> **DIRECTIONS FOR THIS TASK**: From the entries below, copy exactly the lines from the one that contains "I have implemented" through the one that contains "For Infinix Hot", both included, and only those.

> **SUPPLIED DATA**:
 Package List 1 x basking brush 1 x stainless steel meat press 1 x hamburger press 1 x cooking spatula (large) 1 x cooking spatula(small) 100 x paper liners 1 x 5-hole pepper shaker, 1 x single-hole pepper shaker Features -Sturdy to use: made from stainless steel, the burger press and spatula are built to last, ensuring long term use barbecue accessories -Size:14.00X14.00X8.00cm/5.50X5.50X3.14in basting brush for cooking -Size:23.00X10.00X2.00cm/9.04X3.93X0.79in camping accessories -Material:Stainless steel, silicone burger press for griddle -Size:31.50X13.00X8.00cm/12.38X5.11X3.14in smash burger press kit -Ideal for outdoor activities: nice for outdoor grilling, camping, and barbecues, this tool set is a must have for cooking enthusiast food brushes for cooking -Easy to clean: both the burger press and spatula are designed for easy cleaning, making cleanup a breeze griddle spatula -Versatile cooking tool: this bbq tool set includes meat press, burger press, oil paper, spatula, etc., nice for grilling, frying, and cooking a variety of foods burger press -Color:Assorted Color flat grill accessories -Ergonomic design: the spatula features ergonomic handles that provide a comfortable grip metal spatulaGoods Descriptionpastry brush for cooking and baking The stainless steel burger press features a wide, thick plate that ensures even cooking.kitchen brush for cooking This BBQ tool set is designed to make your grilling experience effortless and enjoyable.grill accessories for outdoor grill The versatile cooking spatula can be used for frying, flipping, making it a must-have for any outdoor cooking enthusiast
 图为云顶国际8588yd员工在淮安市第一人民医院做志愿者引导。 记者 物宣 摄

--

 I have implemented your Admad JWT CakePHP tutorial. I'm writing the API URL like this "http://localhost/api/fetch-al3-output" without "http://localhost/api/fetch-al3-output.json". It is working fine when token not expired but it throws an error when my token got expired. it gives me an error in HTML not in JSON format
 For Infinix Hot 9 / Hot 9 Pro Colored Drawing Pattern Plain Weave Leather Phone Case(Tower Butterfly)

> **FINAL ANSWER**:
 I have implemented your Admad JWT CakePHP tutorial. I'm writing the API URL like this "http://localhost/api/fetch-al3-output" without "http://localhost/api/fetch-al3-output.json". It is working fine when token not expired but it throws an error when my token got expired. it gives me an error in HTML not in JSON format
 For Infinix Hot 9 / Hot 9 Pro Colored Drawing Pattern Plain Weave Leather Phone Case(Tower Butterfly)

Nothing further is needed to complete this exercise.